From the line containing "प्रशिक्षण कार्यक्रम में मौजूद अधिकारी व सचिव।" down to the final entry below, restate each line word for word.
-----
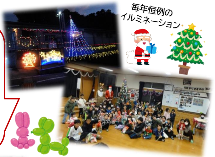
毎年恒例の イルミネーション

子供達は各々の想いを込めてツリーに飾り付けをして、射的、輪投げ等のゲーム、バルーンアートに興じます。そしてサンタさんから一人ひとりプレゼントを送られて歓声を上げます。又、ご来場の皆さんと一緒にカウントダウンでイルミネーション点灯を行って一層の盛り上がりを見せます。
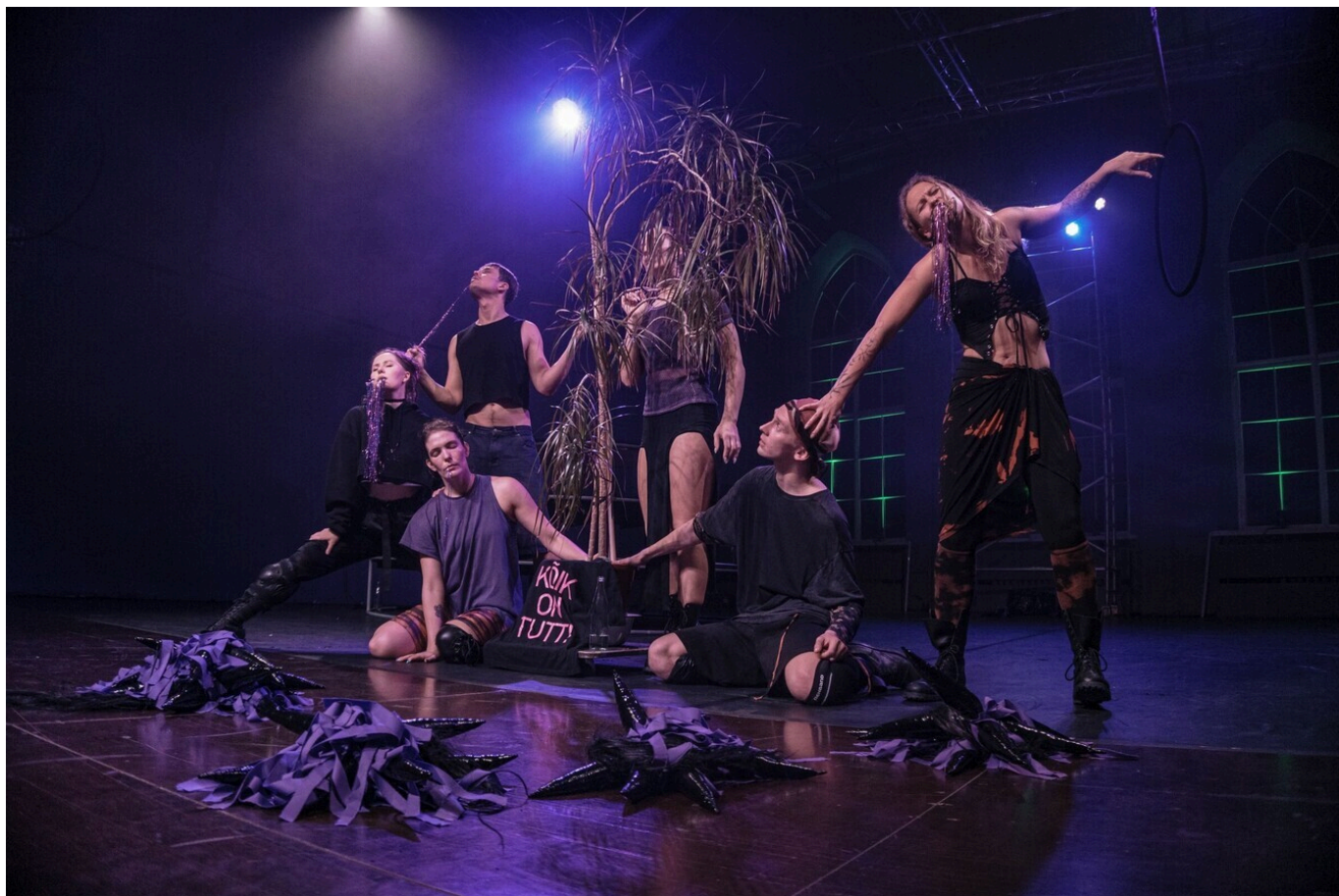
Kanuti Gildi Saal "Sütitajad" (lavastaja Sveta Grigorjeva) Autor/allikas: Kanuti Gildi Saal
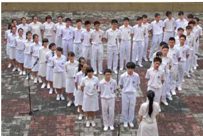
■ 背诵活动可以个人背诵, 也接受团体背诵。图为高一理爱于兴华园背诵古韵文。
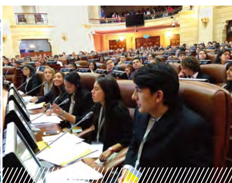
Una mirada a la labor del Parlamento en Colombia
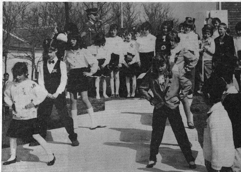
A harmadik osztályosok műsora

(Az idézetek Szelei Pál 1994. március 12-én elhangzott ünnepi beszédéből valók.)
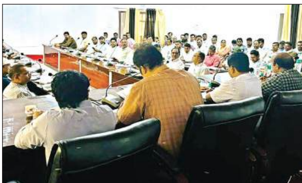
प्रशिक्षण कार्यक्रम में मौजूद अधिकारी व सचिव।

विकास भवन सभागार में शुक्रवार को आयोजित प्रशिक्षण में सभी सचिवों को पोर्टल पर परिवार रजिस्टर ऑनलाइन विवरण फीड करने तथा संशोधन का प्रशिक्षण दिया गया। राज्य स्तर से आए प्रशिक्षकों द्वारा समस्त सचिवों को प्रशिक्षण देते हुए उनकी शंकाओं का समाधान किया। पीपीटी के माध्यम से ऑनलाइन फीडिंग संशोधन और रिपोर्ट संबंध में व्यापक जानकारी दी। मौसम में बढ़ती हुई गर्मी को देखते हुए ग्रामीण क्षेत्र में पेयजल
-----
■ Problem solution:
प्रशिक्षण कार्यक्रम में मौजूद अधिकारी व सचिव।

विकास भवन सभागार में शुक्रवार को आयोजित प्रशिक्षण में सभी सचिवों को पोर्टल पर परिवार रजिस्टर ऑनलाइन विवरण फीड करने तथा संशोधन का प्रशिक्षण दिया गया। राज्य स्तर से आए प्रशिक्षकों द्वारा समस्त सचिवों को प्रशिक्षण देते हुए उनकी शंकाओं का समाधान किया। पीपीटी के माध्यम से ऑनलाइन फीडिंग संशोधन और रिपोर्ट संबंध में व्यापक जानकारी दी। मौसम में बढ़ती हुई गर्मी को देखते हुए ग्रामीण क्षेत्र में पेयजल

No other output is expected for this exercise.